Dataset excerpts
= = = =

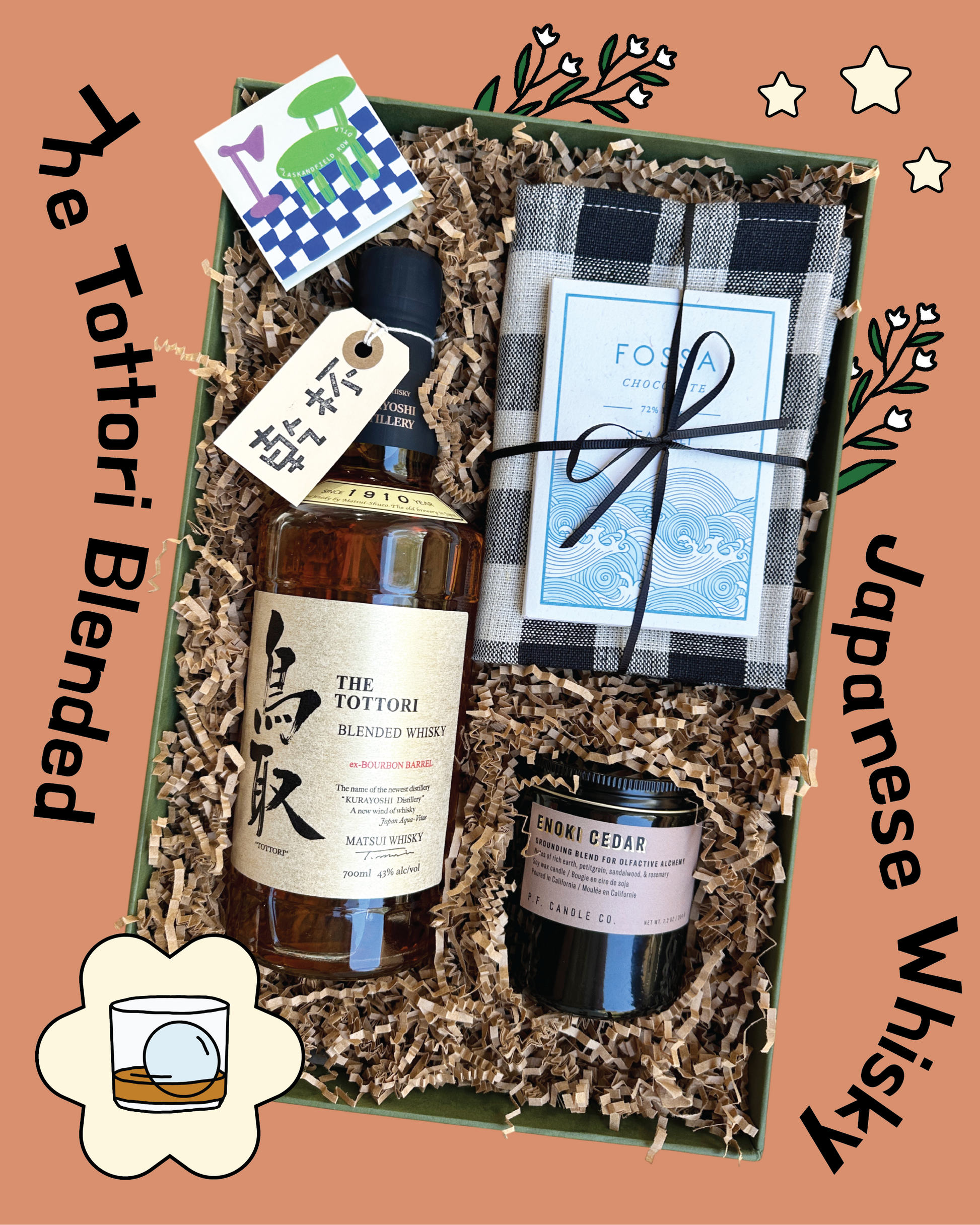 What's included: The Tottori Japanese Whisky in gift box, Japanese bar cloth, PF Candle incense, artisanal chocolate, F&F matchbook, all presented in our signature, premium gift box with lid along with your gift note!
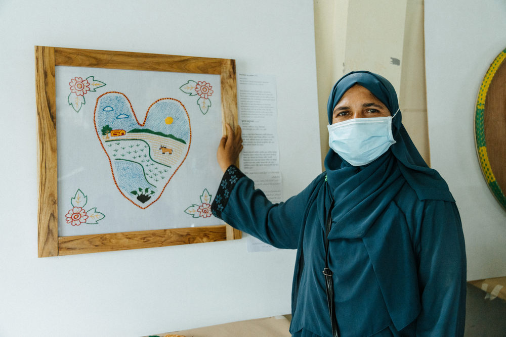 Broderie : Senu Anara est une brodeuse connue pour ses taies d'oreiller, ses robes et ses lungis. La broderie a une signification profonde dans le camp, car chaque pièce contient une histoire et des souvenirs culturels sous la forme d'une résistance silencieuse. « On n'aurait jamais pensé que les gouvernements de Rakhine et de Birmanie nous chasseraient », dit-elle. « La feuille de taro est notre document. Comme l'eau, on est obligés d'aller ailleurs... Si on montre ça au monde, notre empreinte restera peut-être. »
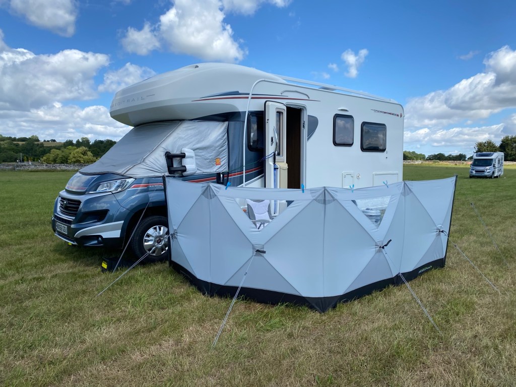 The stewards are great and we got a pitch with a scenic view which was pretty flat. We decided to put up just the windbreak to start with.
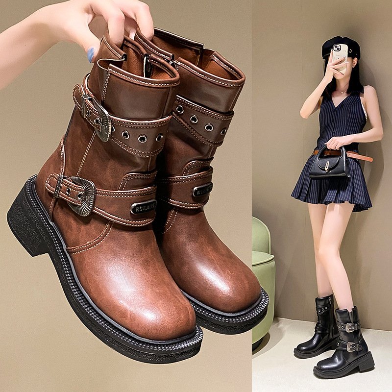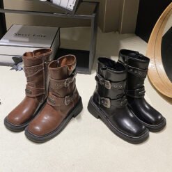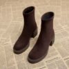 Brown Women’s Ankle Boots Retro Square Toe
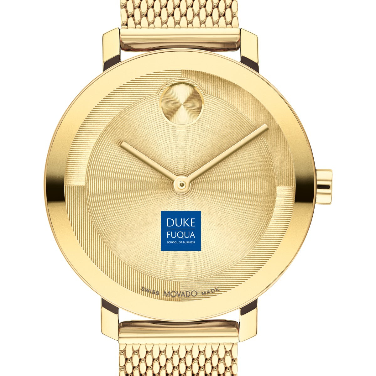 The Duke Fuqua School of Business Women's BOLD Movado features the prestigious Duke Fuqua logo. Its pale gold Ionic-plated stainless steel mesh bracelet exudes contemporary elegance, making it a timeless accessory for the modern woman.
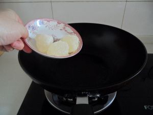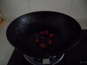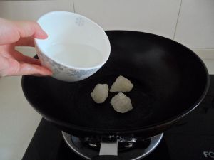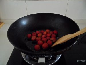12.往锅里倒入适量冷水,也可放入几颗山楂,开火熬煮成山楂糖水,这样锅也洗好了,还有一杯饮料,岂不是一举两得。
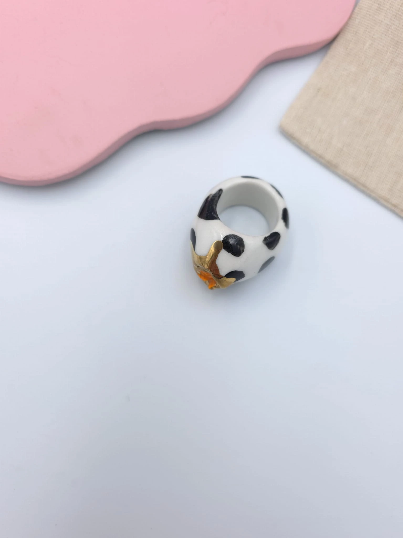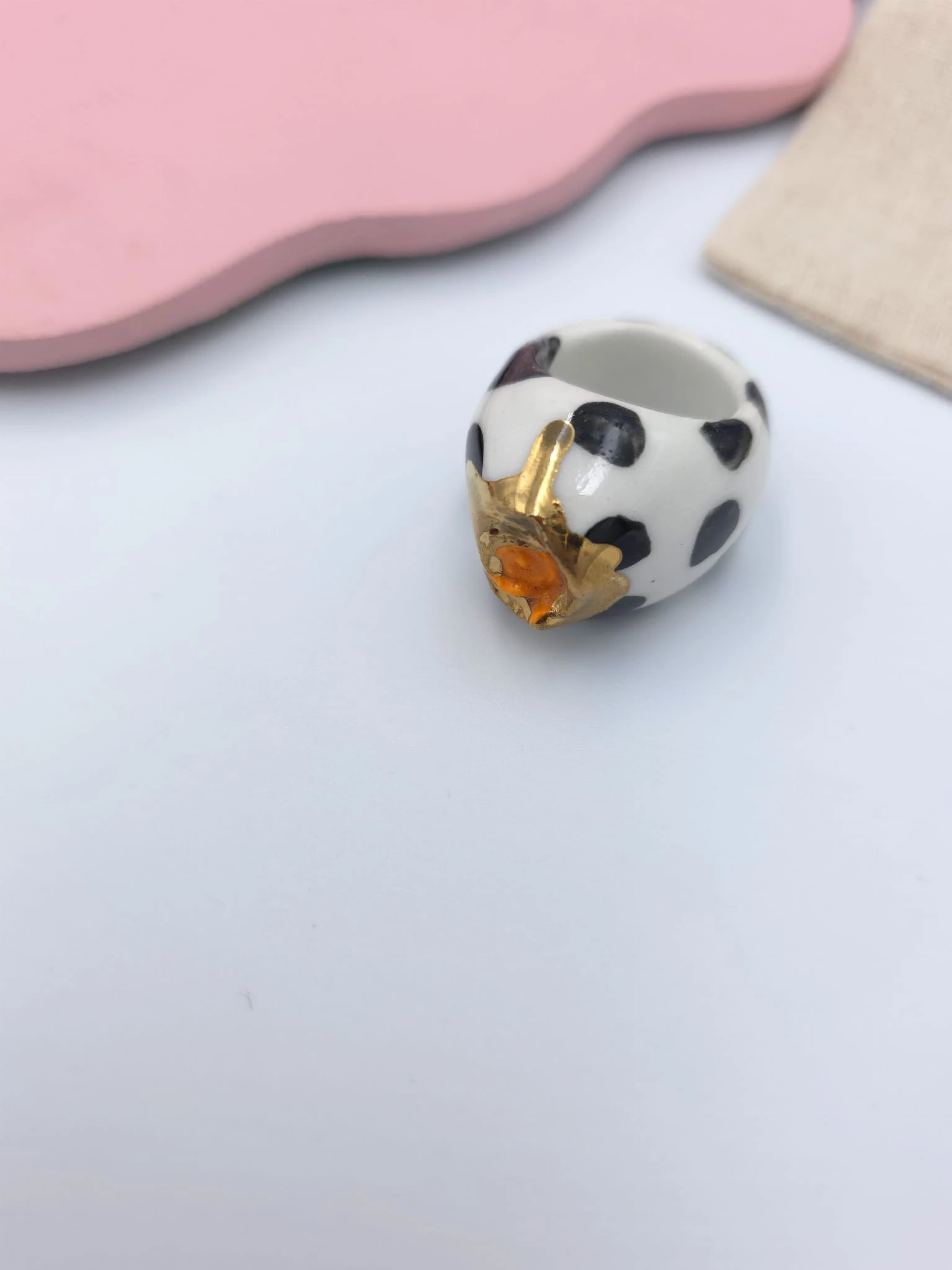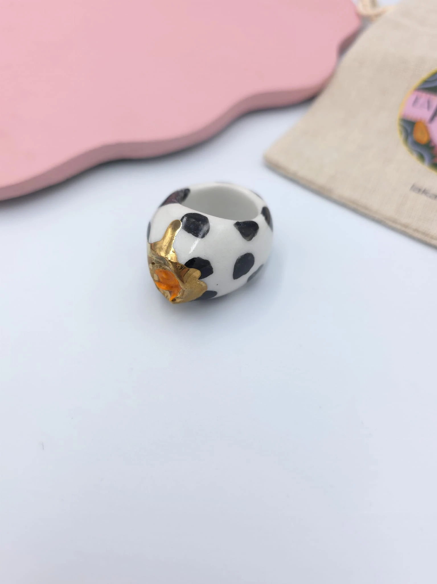 Unikatowy pierścionek z porcelany, zdobiony prawdziwym złotem.
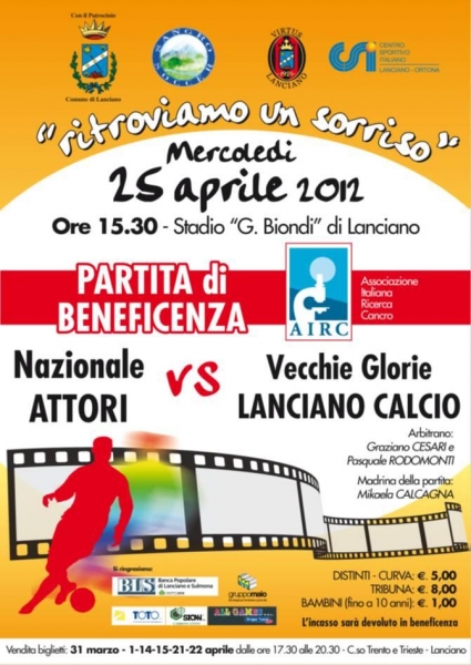 Si tratta di una partita di calcio tra la Nazionale Attori e una selezione di Vecchie Glorie del Lanciano Calcio, il cui ricavato andrà completamente devoluto a favore dell’AIRC, Associazione Italia Ricerca Cancro. Madrina della partita sarà Mikaela Calcagna.
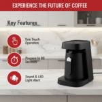 تمنحك ماكينة أرزوم أوكا مينيو جيت فنجان قهوة تركية مثاليًا خلال ٨٠ ثانية فقط، لتستمتع بتجربة سريعة وسهلة في كل مرة. ابدأ يومك بتحضير قهوتك التركية المفضلة بلمسة زر واحدة، بفضل نظام التشغيل البسيط الذي يجعل استخدامها مريحًا وسهلًا للجميع. فازت أرزوم أوكا مينيو جيت بجائزة PLUS X الألمانية لعام ٢٠٢١ تقديرًا لتصميمها المبتكر ووظائفها الفائقة. كما أن تصميمها المدمج الموفر للمساحة يجعلها مناسبة لأي مطبخ أو ركن قهوة منزلي، لتضيف لمسة من الأناقة والعملية في آن واحد.
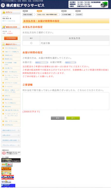 支払い方法の「代引」を選択、配達日と配達時間の指定をする

= = = =

- Goal of the exercise -
The expected output is an exact copy of the lines from the top of the data above through the line containing "Broderie : Senu", both included, with every picture omitted.

- Answer section -
 What's included: The Tottori Japanese Whisky in gift box, Japanese bar cloth, PF Candle incense, artisanal chocolate, F&F matchbook, all presented in our signature, premium gift box with lid along with your gift note!
 Broderie : Senu Anara est une brodeuse connue pour ses taies d'oreiller, ses robes et ses lungis. La broderie a une signification profonde dans le camp, car chaque pièce contient une histoire et des souvenirs culturels sous la forme d'une résistance silencieuse. « On n'aurait jamais pensé que les gouvernements de Rakhine et de Birmanie nous chasseraient », dit-elle. « La feuille de taro est notre document. Comme l'eau, on est obligés d'aller ailleurs... Si on montre ça au monde, notre empreinte restera peut-être. »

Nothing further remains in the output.